Таким я помню Толстого во все времена.
Помню, как в Детском Селе он предупреждал свою дряхлеющую тетушку Марию Леонтьевну:
— Не говори по телефону, боже тебя сохрани. На улице ветер, мороз. Надует тебе в уши, простудишься!
В ресторане «Арагви», за несколько месяцев до Отечественной войны, мы чествовали одного иностранного автора.
349
Толстой был председателем и сидел во главе стола. К концу обеда гостем был поднят бокал за процветание наших братских республик. Толстой, которому, очевидно, наскучила чинность этой торжественной трапезы, в ответном тосте сообщил иностранцу, что у нас на Кавказе есть будто бы еще одна — очень небольшая — республика под поэтическим названием — Чохомбили. Населения в республике две тысячи человек — не больше. И все же у этой микроскопически малой страны есть великий национальный поэт, слагающий бессмертные песни о ее мудрецах и героях. Тут Алексей Николаевич указал на скромнейшего из всех литераторов, робко сидевшего за этим столом и меньше всего склонного к созданию чохомбильского эпоса. Гость, не подозревая подвоха, провозгласил здравицу за доблестный народ Чохомбили и за его великого ашуга и, встав из-за стола, чокнулся с несчастным писателем, готовым провалиться сквозь землю.
Старожилы писательского городка в Переделкине, я думаю, еще не забыли, как Алексей Николаевич в том же 1941 году приехал ранней весной туда из Москвы, чтобы пропеть серенады под окнами проживавших там В. М. Бахметьева, В. Я. Шишкова, А. А. Фадеева и др.
Еще раньше — в эпоху первой мировой войны, в феврале 1916 года, мы — Толстой, Башмаков, Вас. Немирович-Данченко, Владимир Набоков, Егоров и я — совершили поездку в Англию через Финляндию, Швецию, Норвегию и были неразлучны целый месяц. То был месяц напряженной работы (в течение этого месяца Толстой написал целую книгу) и раскатистого молодого смеха.

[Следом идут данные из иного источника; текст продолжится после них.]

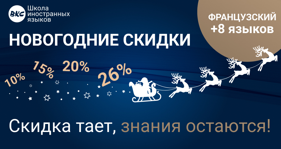 Мы приготовили настоящий новогодний сюрприз для всех, кто уже учит иностранные языки или только собирается начать – скидку до 26% на обучение французскому и другим языкам.
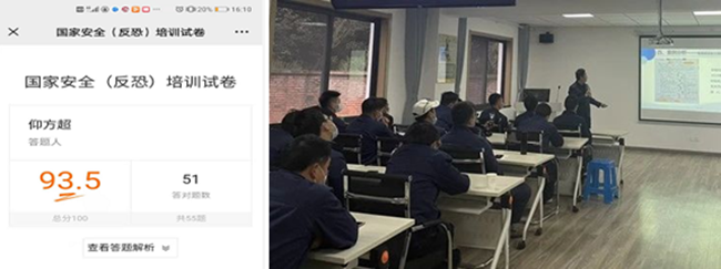 公司以部門(mén)、組別為單位,組織全體員工認(rèn)真學(xué)習(xí)《反恐怖主義法》《刑法》《國(guó)家安全法》等相關(guān)法律法規(guī),并開(kāi)展線上反恐理論知識(shí)答題考核,進(jìn)一步鞏固提升全員安全反恐防爆知識(shí)和能力。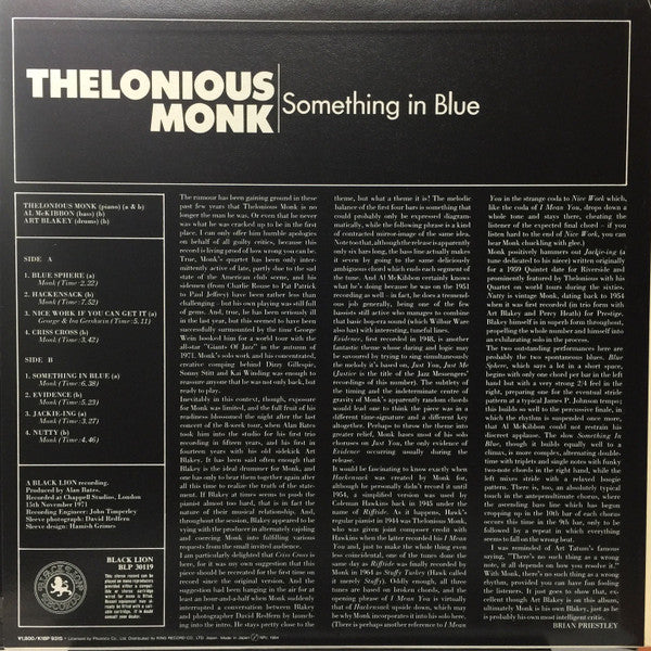 Thelonious Monk - Something In Blue (LP, Album, Reissue, Stereo) - Very Good (VG) / Very Good Plus (VG+)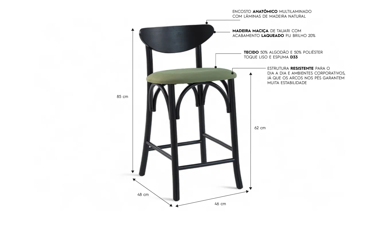 O seu encosto é anatômico, o que traz muito charme e conforto para a banqueta! Ele é construído com lâminas de madeira natural de excelente qualidade.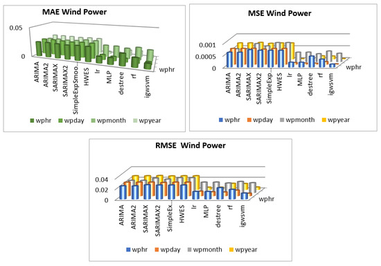 Wind power comparisons of various models for the different forecasting period (wphr—hourly wind power, wpday—daily wind power, wpmonth—monthly wind power, and wpyear—yearly wind power).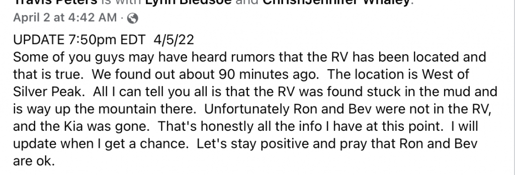 With the KIA gone and them missing, it sounds like someone was trying to dispose of the camper -trailer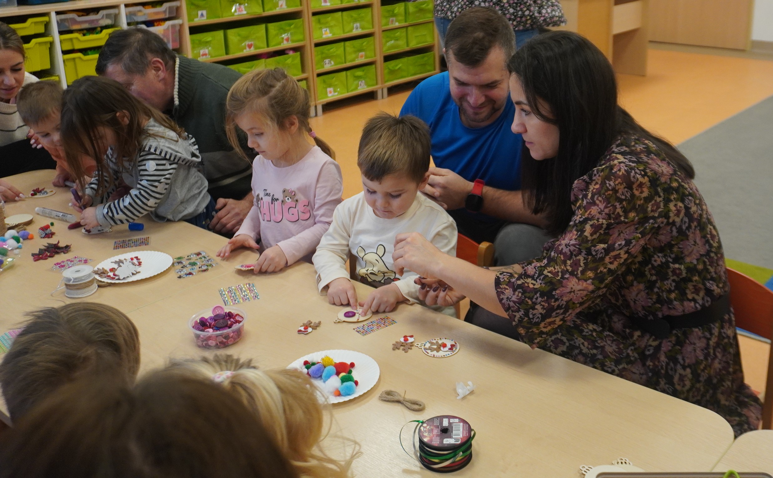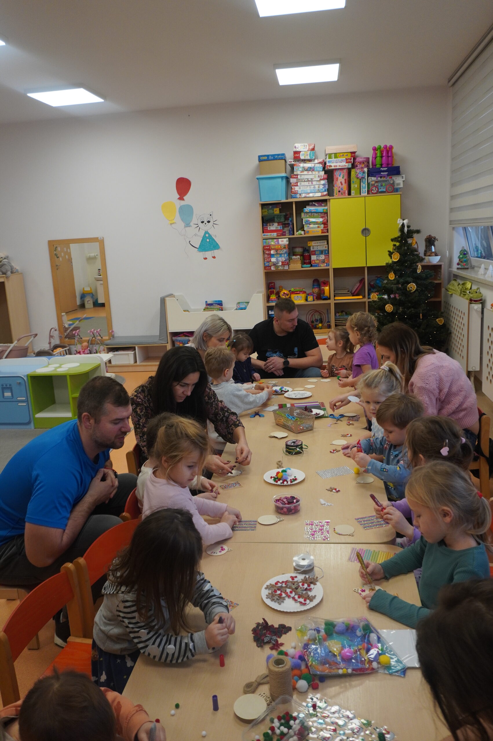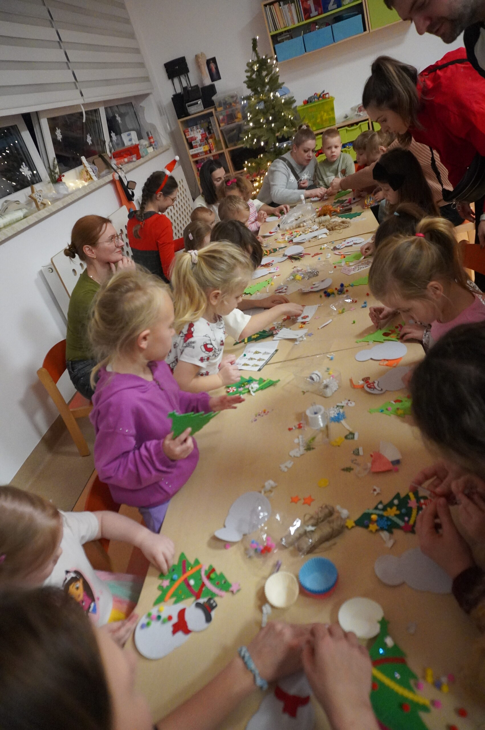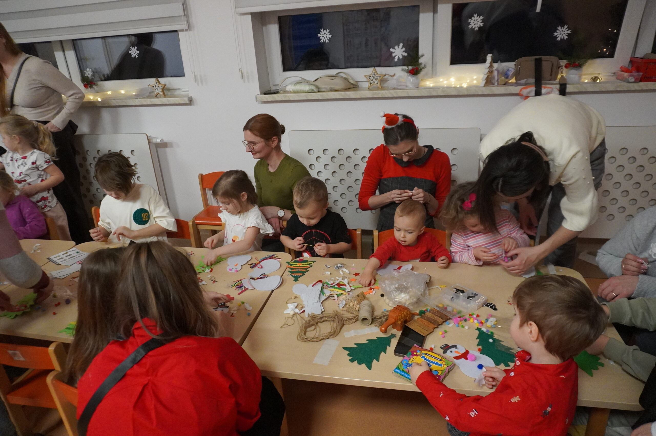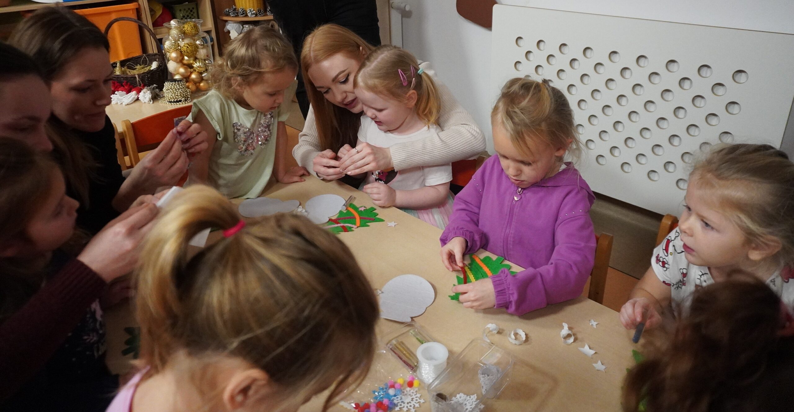 W grupach Owieczki oraz Iskierki odbyły się radosne warsztaty świąteczne z udziałem rodziców. Owieczki wspólnie z bliskimi tworzyły i ozdabiały drewniane bombki, wykorzystując różnorodne materiały dekoracyjne. Natomiast Iskierki rozpoczęły warsztaty krótkim występem artystycznym i również wykonały piękne ozdoby na choinkę. Na zakończenie wszyscy razem ubrali choinkę w sali, tworząc wyjątkową, świąteczną atmosferę pełną ciepła i radości.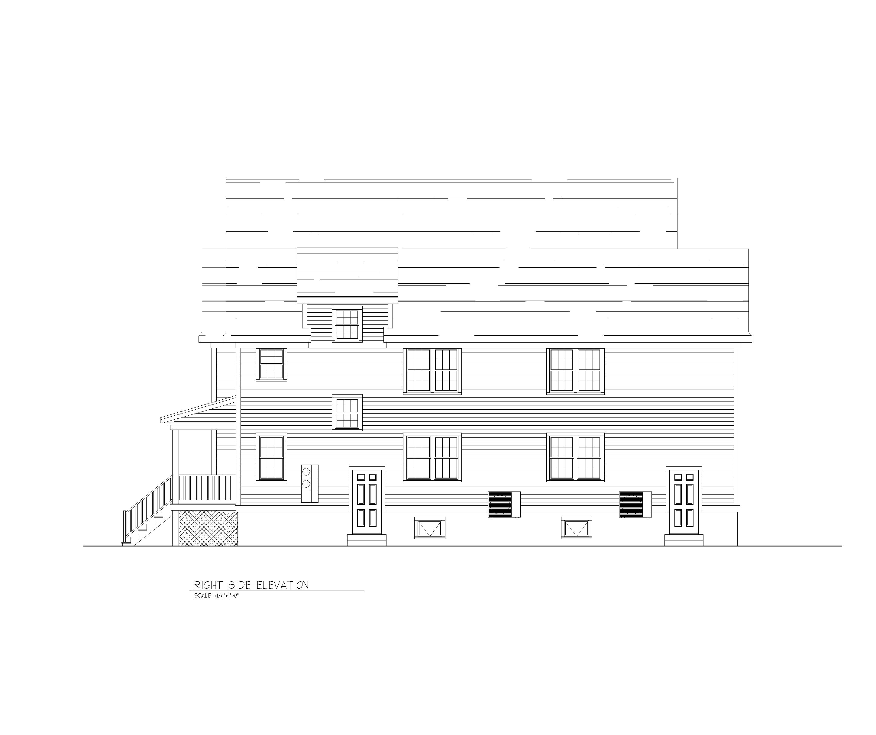 a victorian style house with intricate architectural details the walls are a reddish brown with creamy white trim around the black frame windows and black doors the roof is a slate gray the side doors are black with cream trim there is only one step from the doors to the grass perimeter the two square blocks on the side are minisplit condensors and the rectangular one on the left is the electric meter shutters should be black as well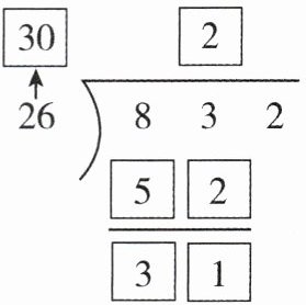 (1) 笑笑在商的十位上商 2,商(大 小)了。请你调整后,把新的竖式写在右面,并算出$832÷26$的最后结果。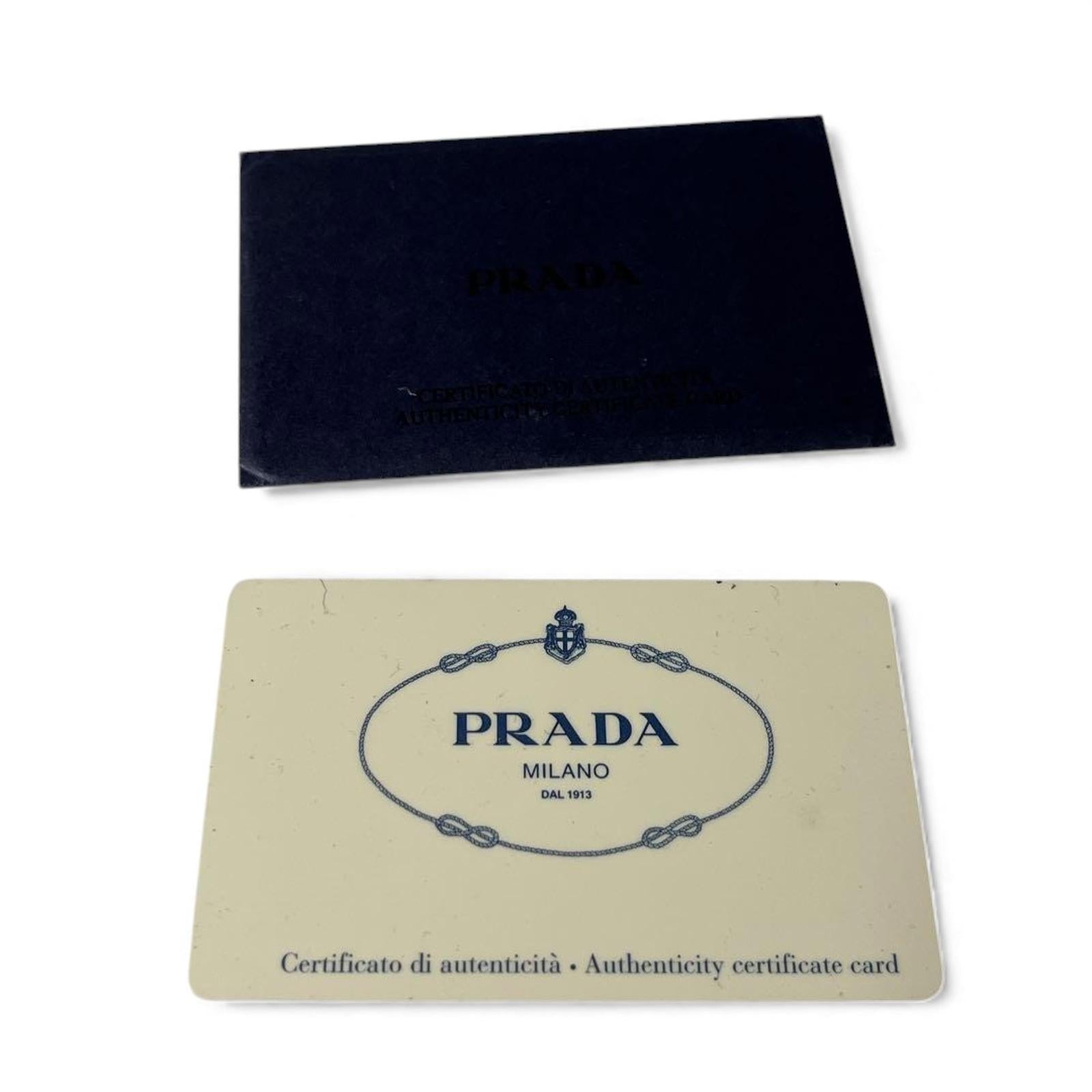 This Prada handbag features a quilted nylon body with gold-tone accents and dual shoulder straps. It is designed with a zippered top closure and a classic triangular Prada logo plaque on the front. The bag offers a sophisticated yet practical style suitable for everyday use.

Толстой выдумал для общей потехи двух молодых губошлепов, вечно пьяных купцов братьев Хлудовых. Предполагалось, что эти тупоголовые братья приехали в Англию из города Сызрани и входят в состав нашей группы. Куда бы мы ни ездили в те дни — к королю Георгу V в Букингемский дворец, или к Герберту Уэллсу в его усадьбу под Лондоном, или к Ллойд-Джорджу в его министерство,— братья Хлудовы, по воле Толстого, невидимо сопутствовали нам, и все, что случалось с нами, Толстой излагал языком этих созданных его воображением братьев. Даже корреспондент «Нового времени» Е. А. Егоров, угрюмый, молчаливый мизантроп, и тот фыркал украдкой в кулак, слушая «Хлудовиану» Толстого.
Наша поездка оставила немало следов на страницах моей «Чукоккалы».
Там есть, например, забавный экспромт Вас. Немировича-Данченко, написанный еще на пароходе — по пути из Норвегии в Англию. В экспромте говорится, что сталось бы с каж-
350
дым из нас, если бы мы наткнулись на немецкую мину. Об Алексее Николаевиче сказано:
Восплачь, Москва! восплачь, Верея!
Века несчетные пройдут,
Но даже трубки Алексея
Здесь водолазы не найдут.
И только там, где пал, о боги,
Сей легковерный Алексей,
Одни норвежские миноги
Жирнее станут и вкусней.
«Легковерным» Алексей Николаевич был назван на том основании, что он с большим доверием отнесся к рассказу Набокова, будто капитан парохода сообщил ему под великим секретом, что за нами охотится германская подводная лодка и будто мы вступили в опасную зону, кишащую германскими минами.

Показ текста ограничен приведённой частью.